Posted in Uncategorized tagged , , , at 9:20 pm by Andromeda

Here, we have an ethnographer talking about why (outside of academic/elite contexts) Google is not widely adopted in China. (A variety of reasons: the Google name is hard to pronounce and spell in Chinese and there is not a widely accepted, Google-promoted canonical form; many, many users have their primary internet access through mobile technologies and are accustomed to an instant-messenger/Facebook-like paradigm, not an email/browser paradigm; Google is identified with a set of western values appealing to elites, but not appealing to the majority of the population, particularly in the presence of a heavily marketed, nativist alternative; Google hasn’t done a good job of outreach and market positioning vis-a-vis these difficulties.)

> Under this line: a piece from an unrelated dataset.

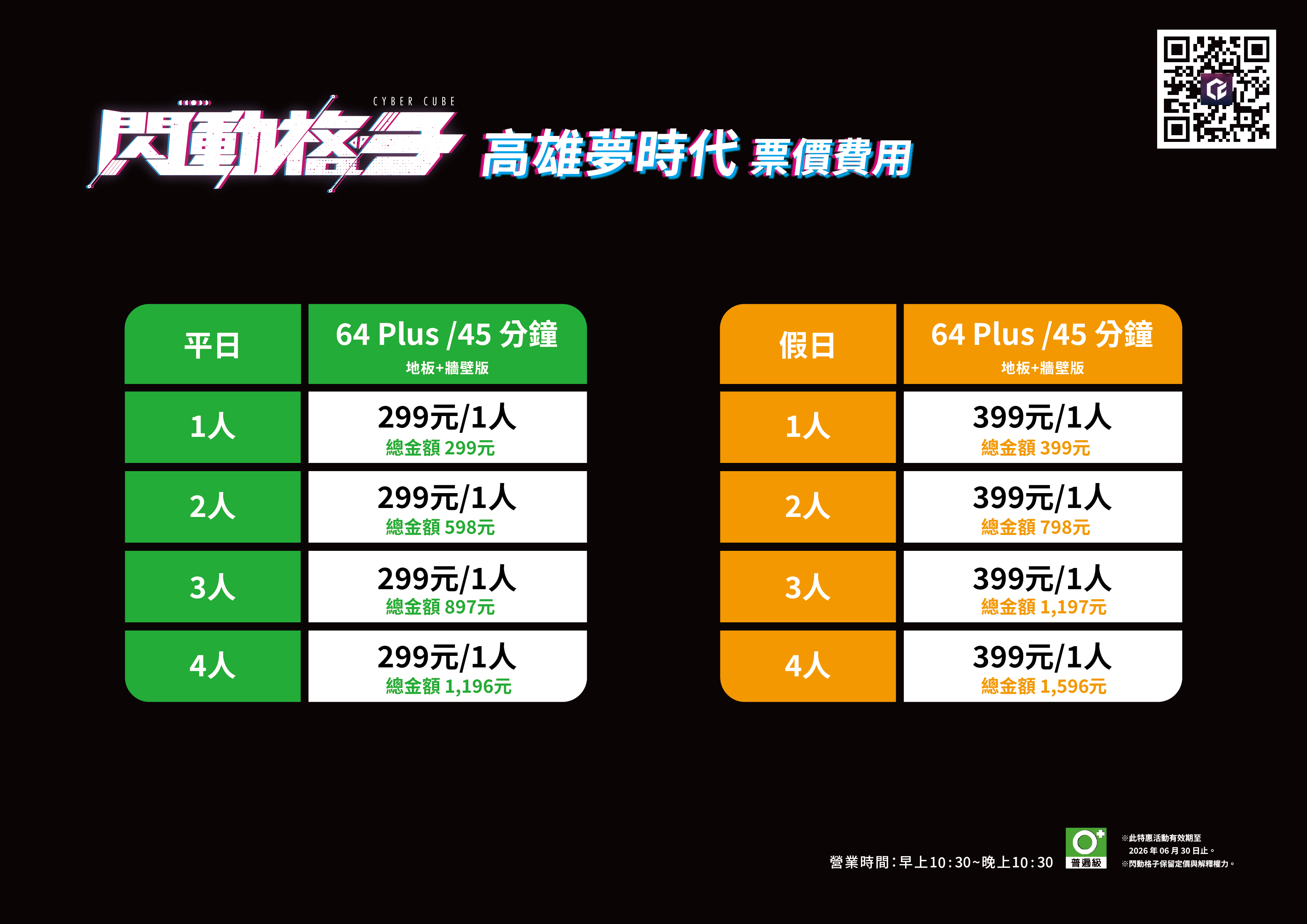 1. 購買玩家票挑戰64格類型場域,需由法定監護人全程陪同。

And here, we have an oncologist blogging about how he doesn’t (any longer) need to use particular library services, and ways proactive and tech-savvy librarians could insert themselves into his workflow, helping him while raising their profile. The thing I really liked about this post is that it’s an outside perspective on what the information workflow looks like — I think it’s too easy to just see our own parts of a workflow (and there’s a lot of information workflow in a library), but the library-external parts are where the new opportunities for relevance are. It’s a good reminder of the importance of having good relationships with your patrons and seeing things from their perspective, seeing where the needs are instead of hypothesizing about what they might be.

I read this article first, closed the tab, read a dozen more tabs (oh, eventful week, how you have destroyed my tab-reading flow), got to the one about China, and thought, hey, this is the same thing. Here, too, Google has its set of habits and expectations, and is finding itself irrelevant in a population which has a very non-complementary set of habits and expectations.

I’m looking forward to being a liaison between the library and…some outside, whatever it is. Seeing that outside’s perspective. Is this some sick, twisted aspiration — will it all just be herding cats? Still. There are reasons for the tagline Across Divided Networks.